Other types of variables operations and operators in C
Other types of variable operations
Hexadecimals and octals
You may assign integer data types hexadecimal or octal values. To work with hexadecimals you must start the number starting with the value 0x, and to work with octals, all you have to do is start the number with a 0 beforehand:
int hex = 0x222;
int oc = 0532;
printf("hex to decimal: %d \n", hex);
printf("octal to decimal: %d \n", oc);
Its possible to change your decimal integer representation also, by simply changing the output format of your printf() command:
Operators
If you are coming from another programming language background, you probably be at home working with C operators. You may use all the traditional arithmethic operators:
// + operator will add two operands
int a = 3 + 4;
// - operator will subtract two operands
int b = 10 - 4;
// / operator divides two operands
int c = 15 / 3;
// * operator multiplies two operands
int d = 7 * 3;
// % operand will return you the remainder of an integer division
int e = 16 % 4;
printf("%d %d %d %d %d \n", a, b, c, d, e);
You may very well use these operators with your variables instead of loose values:
int mult = a * b;
printf("mult: %d \n", mult);
Shift operations
Shift operations will get the binary representation of your declared value, and shift the bits to left or right, by the amount you determine. You probably gonna need this operation very often to read or understand assembly code. We will get into deeper details about binary when learning about assembly debuging but here is an small example of how binary numbers works:
0 1 = 1 - means 2 to the 0
1 0 = 2 - means 2 to the 1
1 0 0 = 4 - means 2 to the 2
1 0 1 = 5 - means 2 to the 2 + 2 to the 0
1 0 0 0 = 8 - means 2 to the 3
You may have a little bit of a hard time if this is the first time you are taking a look at binary. However in fact, all your computer see is binary! It converts these binary operations to values you and me can understand. Here is an example of how you might see a multiply operation or power of operation:
int x = 2; //binary representation is: 1 0
printf("x: %d \n", x);
int y = x << 2; //shifting 1 0 to the left by 2, we get the value 1 0 0 0
printf("x << 2: %d \n", y);
But you may use these operations to divide your numbers by a power of 2 for example:
int z = y >> 1;
printf("y >> 1: %d \n", z);
Thats what you will most likely see in many multiply or divisions operations while debugging using your favorite assembly debugger or even taking a deeper look into your own code trough visual studio debugger.
Unary operators
Unary operators are operators which take only one operand. Our unary operators are:
! operator will produce a negation of its operand.If your operand is true(greater than 0) then ! is false (0), and if it is false, its result will be true.
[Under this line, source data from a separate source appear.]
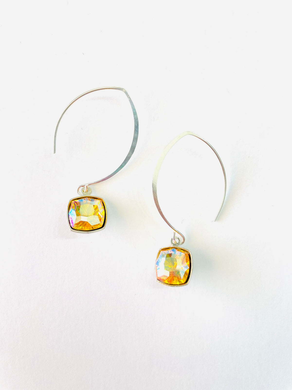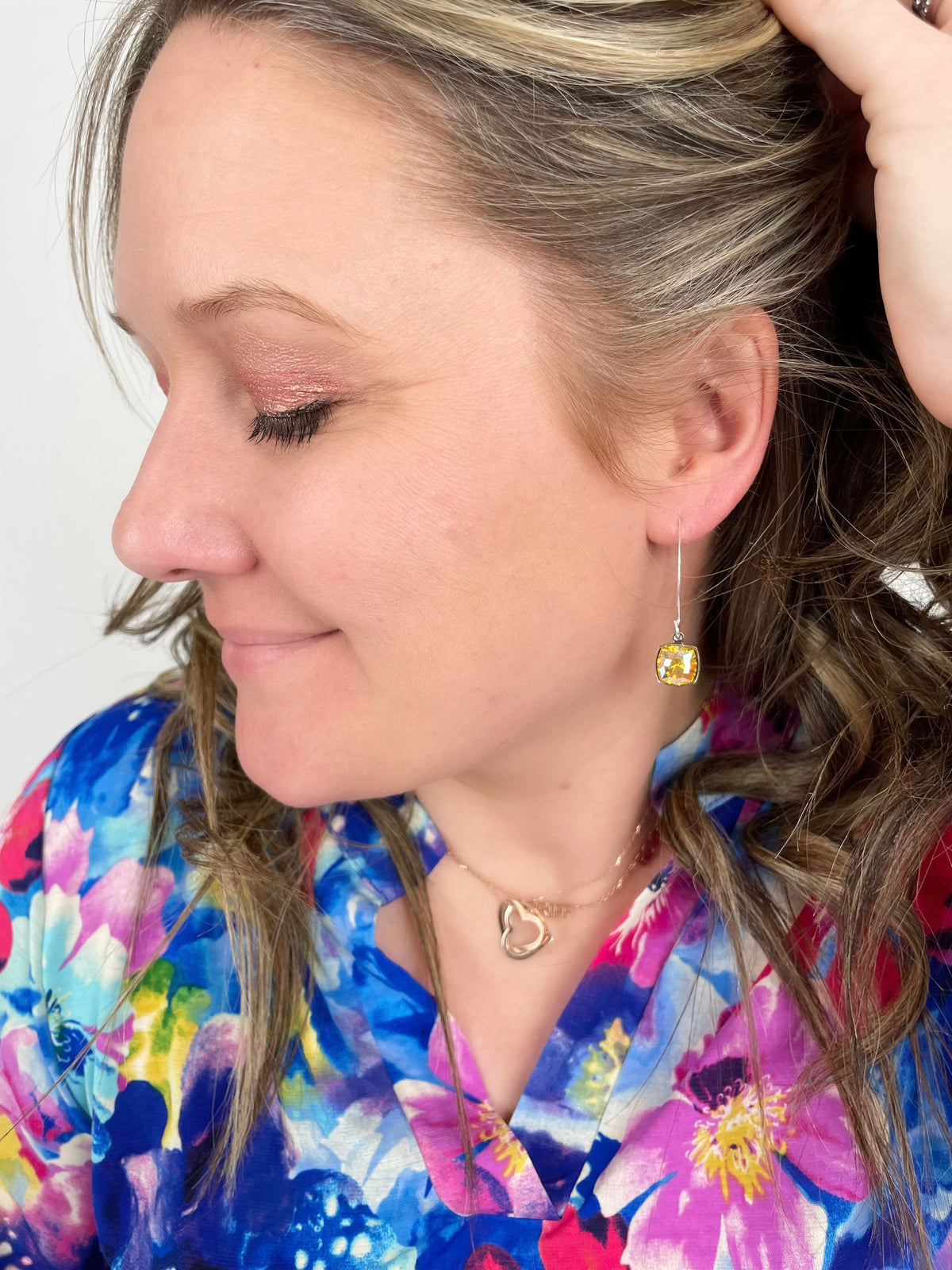 Tropical Topaz Drop Earrings set into Shiny Silver Metal with Topaz AB Crystals
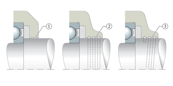 在使用機油潤滑且軸是水平的情況下,某些殼體中的通孔具有螺旋槽,根據相對于軸旋轉方向的螺旋方向,沿著軸爬行的油會返回到殼體中,或者污染物會從間隙輸送到外部。如果螺旋槽位于軸上,則可實現類似的密封作用。
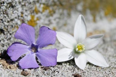 Keywords: flowers purple white background purple flower nature plant spring close stone ground moss grey old weathered

~ operator will change the value of each bit of the binary value of the operand, and invert. Let me give a little explanation so you can comprehend a little better.
In binary, as you have seen in shift operations, you have one bit representing one power of 2. So lets take the number 4, it will have its binary representation as 1 0 0, since our representation of 2 to 0 is 0, 2 to 1 is 0 and 2 to 2 has the bit set to 1(true). However, lets say you are working with signed values. You will have then one positive and one negative value, and there must be a representation for each in binary also. Saying you are working with a 32 bit system then, your representation of 4 will be 00000100. Where the sign? All the left bits beyond the most significant value of the power of 2 represent the sign! 0 will be positive and 1 negative in 2 complement. So the value of -4 will be 11111100.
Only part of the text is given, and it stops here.